How to complete this task: Could you restate word for word every line of the records below, from the first one to the one holding "El establecimiento cuenta"?

(Data entries)
=== Section Start ===
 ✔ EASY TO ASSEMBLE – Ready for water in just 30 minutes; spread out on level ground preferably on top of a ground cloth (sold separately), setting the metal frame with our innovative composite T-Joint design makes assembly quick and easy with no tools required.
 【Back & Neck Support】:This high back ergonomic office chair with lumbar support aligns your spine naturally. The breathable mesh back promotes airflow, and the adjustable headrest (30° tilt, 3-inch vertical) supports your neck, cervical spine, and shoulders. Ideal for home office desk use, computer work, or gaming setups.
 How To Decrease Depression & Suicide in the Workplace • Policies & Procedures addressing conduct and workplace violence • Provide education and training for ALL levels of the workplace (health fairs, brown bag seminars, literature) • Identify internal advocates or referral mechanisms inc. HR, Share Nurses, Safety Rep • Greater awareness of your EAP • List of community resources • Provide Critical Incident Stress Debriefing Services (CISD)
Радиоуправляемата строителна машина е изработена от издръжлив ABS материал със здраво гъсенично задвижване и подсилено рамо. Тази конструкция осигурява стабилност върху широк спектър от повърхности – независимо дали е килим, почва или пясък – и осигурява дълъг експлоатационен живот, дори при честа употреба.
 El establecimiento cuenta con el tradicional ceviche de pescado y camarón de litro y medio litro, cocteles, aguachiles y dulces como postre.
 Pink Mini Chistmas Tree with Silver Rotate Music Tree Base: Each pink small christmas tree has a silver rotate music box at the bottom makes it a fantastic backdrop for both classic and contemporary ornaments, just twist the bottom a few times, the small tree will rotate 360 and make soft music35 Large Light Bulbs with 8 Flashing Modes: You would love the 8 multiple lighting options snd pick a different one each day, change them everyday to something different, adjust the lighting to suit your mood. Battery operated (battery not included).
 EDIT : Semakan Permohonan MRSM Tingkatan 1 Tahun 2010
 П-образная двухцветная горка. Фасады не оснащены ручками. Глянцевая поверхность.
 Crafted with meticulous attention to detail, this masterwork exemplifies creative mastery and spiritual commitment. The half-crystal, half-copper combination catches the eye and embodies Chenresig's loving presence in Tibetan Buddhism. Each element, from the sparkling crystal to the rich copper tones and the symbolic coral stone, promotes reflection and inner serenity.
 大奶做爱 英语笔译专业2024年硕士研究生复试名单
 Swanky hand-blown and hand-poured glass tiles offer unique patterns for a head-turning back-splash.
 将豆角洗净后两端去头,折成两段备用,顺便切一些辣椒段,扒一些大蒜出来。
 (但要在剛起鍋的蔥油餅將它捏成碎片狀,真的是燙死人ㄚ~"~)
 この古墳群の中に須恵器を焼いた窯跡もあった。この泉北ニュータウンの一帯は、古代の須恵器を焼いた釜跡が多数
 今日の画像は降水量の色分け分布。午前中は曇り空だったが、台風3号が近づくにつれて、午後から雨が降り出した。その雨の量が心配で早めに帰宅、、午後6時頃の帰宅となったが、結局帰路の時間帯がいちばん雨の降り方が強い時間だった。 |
=== Section End ===
Solution:
 ✔ EASY TO ASSEMBLE – Ready for water in just 30 minutes; spread out on level ground preferably on top of a ground cloth (sold separately), setting the metal frame with our innovative composite T-Joint design makes assembly quick and easy with no tools required.
 【Back & Neck Support】:This high back ergonomic office chair with lumbar support aligns your spine naturally. The breathable mesh back promotes airflow, and the adjustable headrest (30° tilt, 3-inch vertical) supports your neck, cervical spine, and shoulders. Ideal for home office desk use, computer work, or gaming setups.
 How To Decrease Depression & Suicide in the Workplace • Policies & Procedures addressing conduct and workplace violence • Provide education and training for ALL levels of the workplace (health fairs, brown bag seminars, literature) • Identify internal advocates or referral mechanisms inc. HR, Share Nurses, Safety Rep • Greater awareness of your EAP • List of community resources • Provide Critical Incident Stress Debriefing Services (CISD)
Радиоуправляемата строителна машина е изработена от издръжлив ABS материал със здраво гъсенично задвижване и подсилено рамо. Тази конструкция осигурява стабилност върху широк спектър от повърхности – независимо дали е килим, почва или пясък – и осигурява дълъг експлоатационен живот, дори при честа употреба.
 El establecimiento cuenta con el tradicional ceviche de pescado y camarón de litro y medio litro, cocteles, aguachiles y dulces como postre.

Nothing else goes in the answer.